• TASK DETAILS
Would you repeat the listing exactly, without any of its images?

• DATA EXTRACT
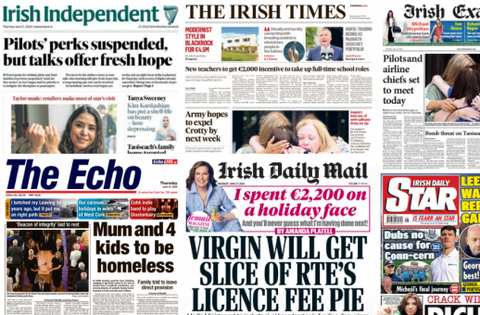 The Irish Daily Mail reads: 'Virgin will get slice of RTÉ's licence fee pie', under plans from Minister for the Media Catherine Martin.
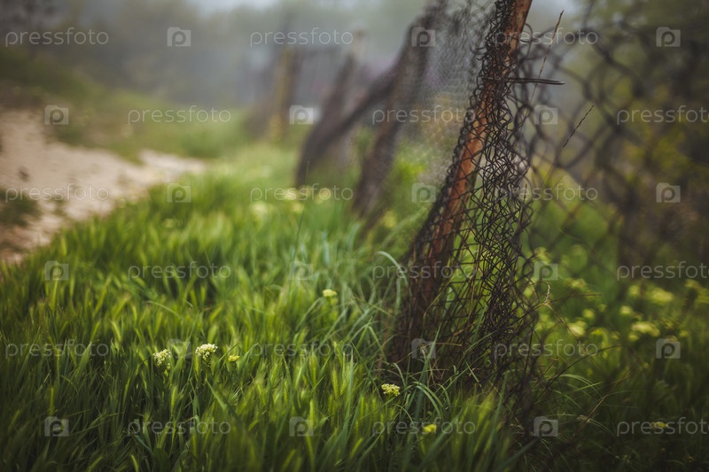 Железный забор в траве
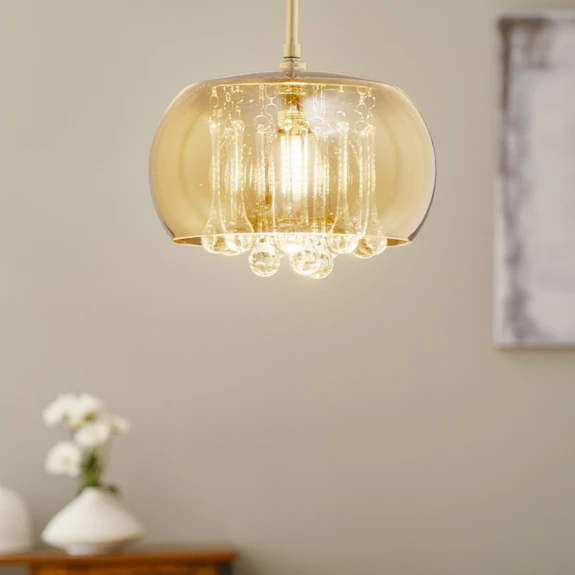 Závěsné svítidlo Argos LED s třpytivými křišťálovými šperky ve stínidle Stínidlo závěsného svítidla Argos LED je velmi zvláštní: skleněný povrch byl zušlechtěn ještě průhlednou chromovou úpravou, takže po zapnutí světla se co nejlépe ukáže vnitřek stínidla - půvabně navržené křišťálové přívěsky. Světlo vyzařované LED žárovkami s paticí G9 vytváří fascinující odlesky a vytváří velmi atmosférickou světelnou náladu.

• YOUR SOLUTION
 The Irish Daily Mail reads: 'Virgin will get slice of RTÉ's licence fee pie', under plans from Minister for the Media Catherine Martin.
 Железный забор в траве
 Závěsné svítidlo Argos LED s třpytivými křišťálovými šperky ve stínidle Stínidlo závěsného svítidla Argos LED je velmi zvláštní: skleněný povrch byl zušlechtěn ještě průhlednou chromovou úpravou, takže po zapnutí světla se co nejlépe ukáže vnitřek stínidla - půvabně navržené křišťálové přívěsky. Světlo vyzařované LED žárovkami s paticí G9 vytváří fascinující odlesky a vytváří velmi atmosférickou světelnou náladu.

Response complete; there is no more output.